Opinion
No. 13-81-006-CR No. 1994 CR
January 27, 1983.
Appeal from the 214th District Court, Nueces County, Norman L. Utter, J.
Sam A. Westergren, Jr., Corpus Christi, for appellant.
Wm. B. Mobley, Jr., Dist. Atty., Corpus Christi, for appellee.
Before BISSETT, YOUNG and KENNEDY, JJ.
OPINION
A Nueces County jury found Clark Couteau guilty of delivery of cocaine. The trial court assessed punishment at imprisonment for ten years probated.
On March 10, 1978, the grand jury of Nueces County indicted appellant for delivery of cocaine. The indictment did not describe the drug any further. The appellant now complains that this method of charging was fundamental error. We agree.
Tex.Rev.Civ.Stat.Ann. Art. 4476-15 § 4.02, prior to its amendment in 1979, did not include cocaine among its list of controlled substances.

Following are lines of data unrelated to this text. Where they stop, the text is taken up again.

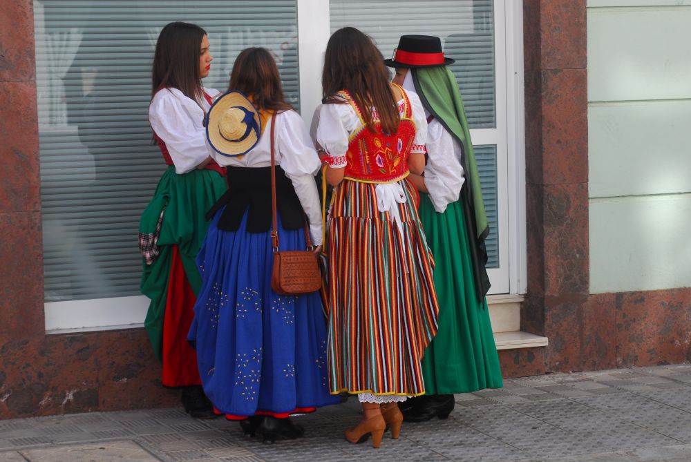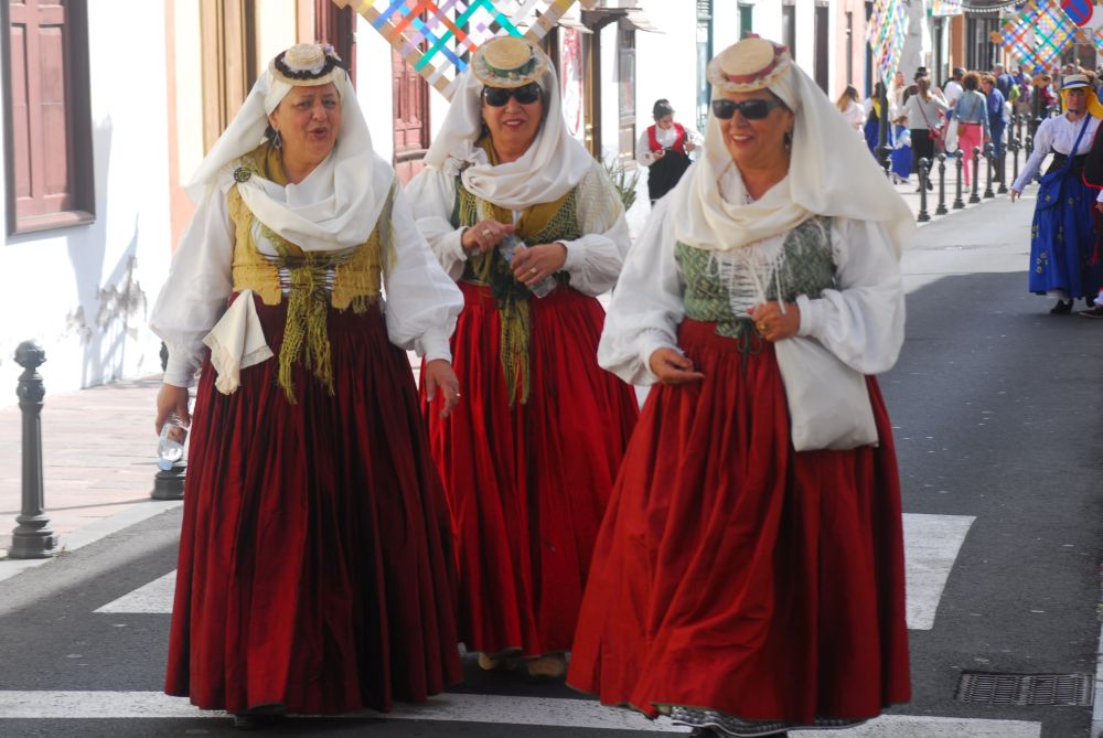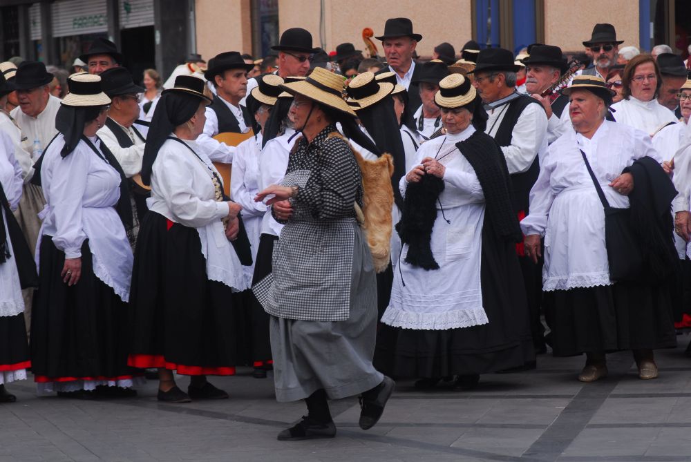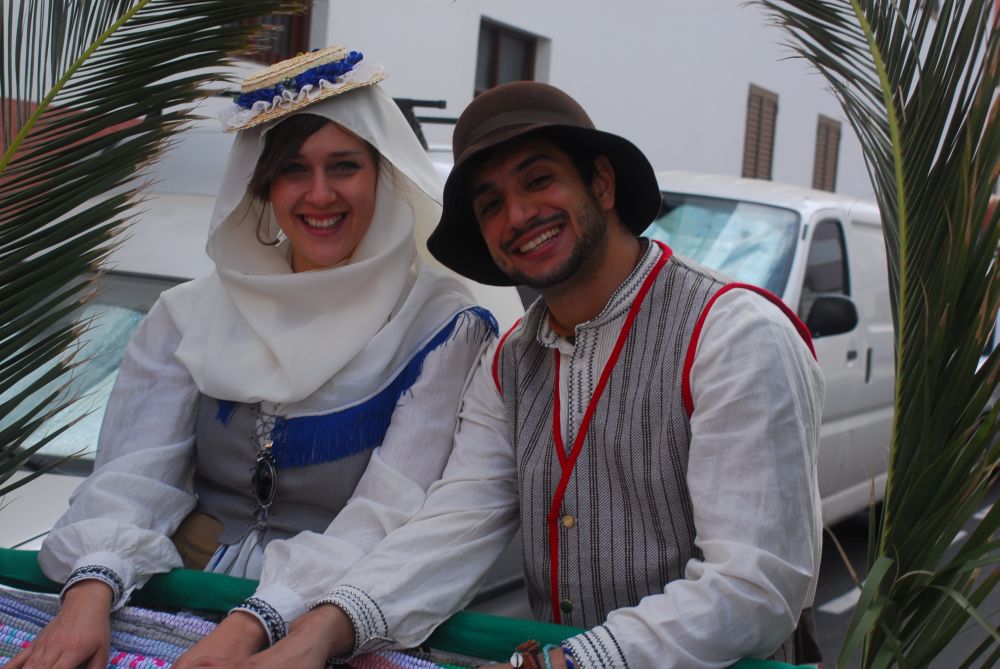 Die Parade beginnt am oberen Ende der Hauptstraße. Dem Fahrzeug der Polizei folgen tanzend und singend etwa 10 Folkloregruppen, allen voran die Romera Mayor mit ihren Hofdamen. Was es genau damit auf sich hat, hab ich nicht herausgefunden: Die erste Gruppe tanzt zum Rhythmus von riesigen Kastagnetten, es folgen Sängerinnen und Gitarren Spieler, urige Typen, schöne Frauen und süße Kinder. Vor der Kirche bringt jede Gruppe dem geschmückten Patron im knappen Lendenschurz ein Ständchen dar.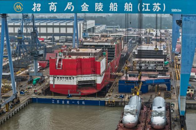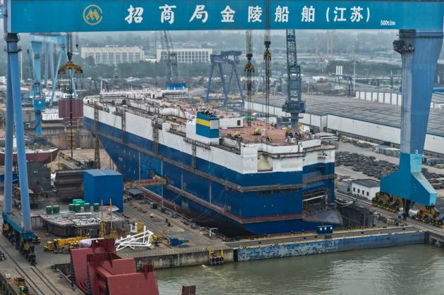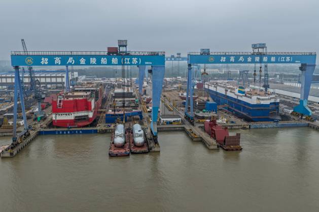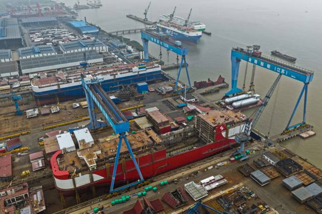 Yangtze River Shipyard YANGZHOU, CHINA - OCTOBER 14, 2025 - Shipyard along the Yangtze River in Yangzhou City, Jiangsu Province, China on October 14, 2025. Starting from October 14th, the United States will impose additional fees on Chinese owned, operated, or built vessels entering US ports, as well as all foreign built automobile transport ships. Yangzhou Jiangsu China PUBLICATIONxNOTxINxCHN Copyright: xCFOTOx i1760434195306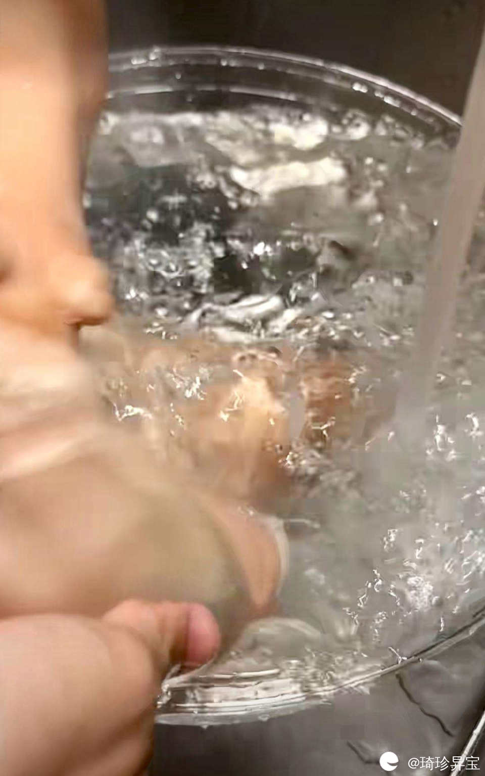 3,煮好的猪脚倒掉热水,放进冰水里面浸泡,然后开自来水一直流动冲洗,大约两个小时左右,猪脚最后的口感清不清爽就靠这一步。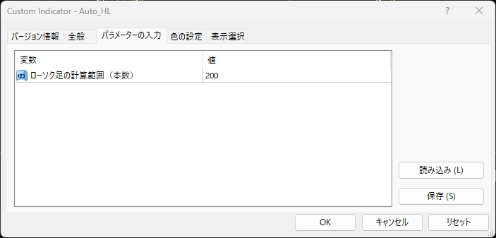 上記の図は過去200本分のローソク足を元に 最高値と最安値の価格にラインを引いています。 導入時にパラメーター設定することで 過去何本分のローソク足を計算し 最高値と最安値を算出できます。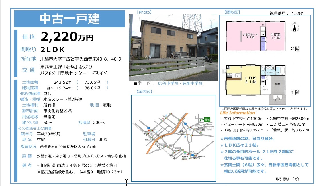 中古住宅 / 2,220万円 / 川越市大字下広谷/ 若葉駅 バス8分 亭歩8分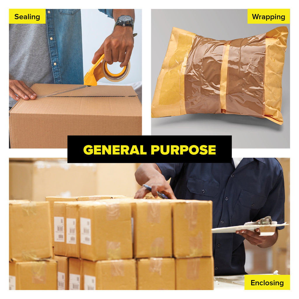 Handy Hardware® This extra wide all purpose packaging tape is perfect to use for sealing, wrapping and enclosing your boxes and packages. Ideal for home, work, warehousing and office environments.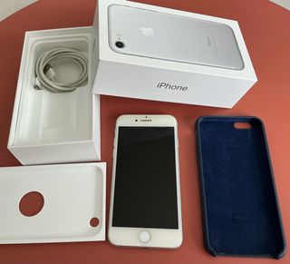 Telefono cellulare iPhone 7 con finitura argentata. Capacità di archiviazione 32GB. Con scatola originale, caricabatterie originale, vetro temperato e custodia per cellulare. Ottimo stato, schermo perfetto. Batteria inferiore al 70%.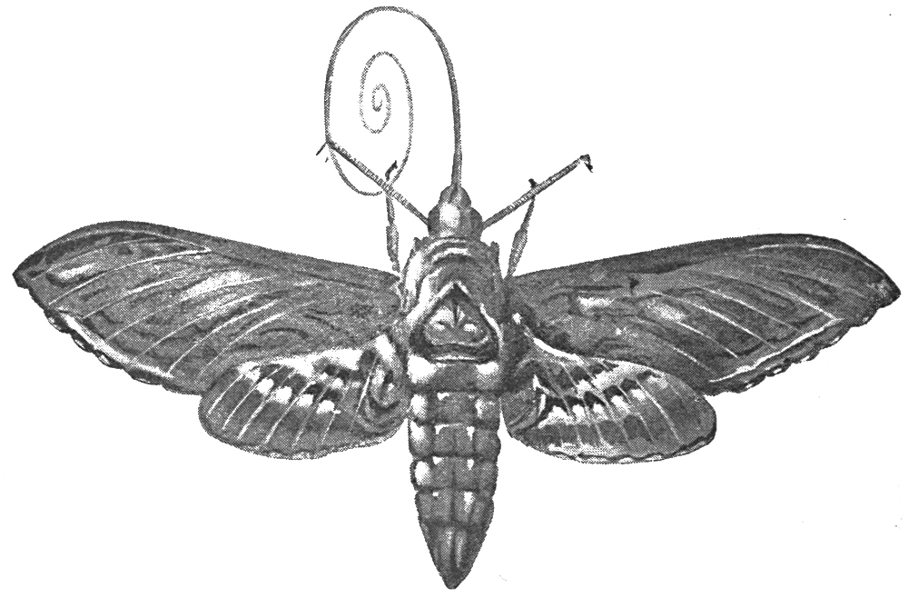 The butterflies are included in the Lepidoptera, and are the day-flying forms. There are many other insects equally beautiful, in more subdued tints, which are night flyers. These are the moths (Fig. 237), which are slow of flight, ponderous, and have extraordinary tongues for sucking the juices[218] from the flowers. They can be distinguished from the butterflies by their feathered antennæ. One of the best known for its ravages is the dwarf moth, the worm of which plays such havoc among woolens. The cankerworm moth is equally a pest among valuable shade trees. Another familiar form is the hawk moth (Fig. 238), which so resembles a humming bird in appearance and motion that it is almost impossible to distinguish between the two, the moth being one of the most active, poising over flowers and inserting its enormous tongue to secure the sweets there concealed. A showy moth is the huge Attacus, its larva being especially large and voracious.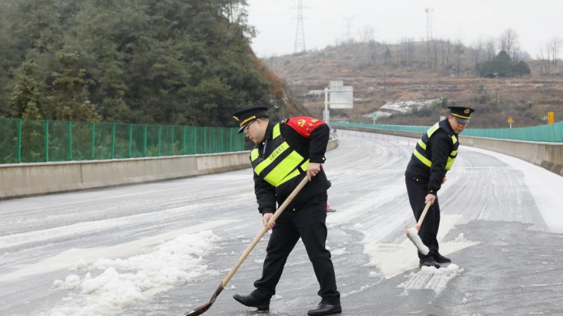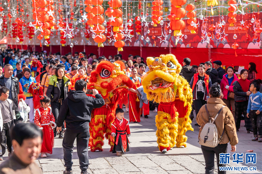 2月11日,游客在贵州省毕节市同心步行街上观看舞狮表演。新华网发(罗大富 摄)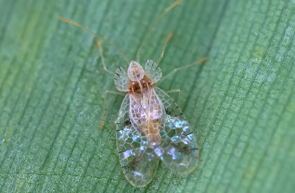 成蟲:體長2.1?2.4mm,剛羽化時呈銀白色,后逐漸轉(zhuǎn)變?yōu)榛野咨n^小,棕褐色,復(fù)眼大而突出,黑褐色。觸角4節(jié),第三節(jié)細(xì)長,約為全長的1/2,末節(jié)稍膨大,棕褐色。具刺吸式口器,喙4節(jié),末端黑色,伸達(dá)后足基節(jié)間。在前胸背板兩側(cè)及頭頂部分有一塊白色突出膜,上具網(wǎng)狀紋,形狀特異,似“花冠”,側(cè)背板呈翼狀擴(kuò)展,并向上翹起,前部形成囊狀頭兜,前尖后圓,覆蓋頭部,后部與三角突的壁狀中脊相連接,兩側(cè)為小翼狀的側(cè)脊。胸部腹板的中央兩側(cè)隆起,中央呈槽狀,前窄后寬,喙置于槽中。足細(xì)長,跗節(jié)1節(jié),末端具2爪。前翅膜質(zhì),近透明,長橢圓形,基部窄,端部寬圓,凹凸不平,膜質(zhì)透明,具網(wǎng)狀紋,翅基及近端 部有黑色橫斑,翅緣具毛,前翅遠(yuǎn)超過腹末;后翅狹長,無網(wǎng)紋,僅達(dá)腹末,寬約為前翅的1/3,無網(wǎng)紋,有毛。雌蟲腹部可見8節(jié),末端錐形,產(chǎn)卵器明顯;雄蟲腹部瘦長,可見7節(jié),腹末平截,具1對鐮刀狀抱器。

But, a chemical description of cocaine did appear in the statute. The Court of Criminal Appeals has held that a charging instrument must include that description in order to properly allege an essential element of the offense. Crowl v. State, 611 S.W.2d 59, 60-61 (Tex.Cr.App. 1981). Since there was no such description in this case, we must reverse.
The judgment of the trial court is reversed, and the indictment is ordered dismissed.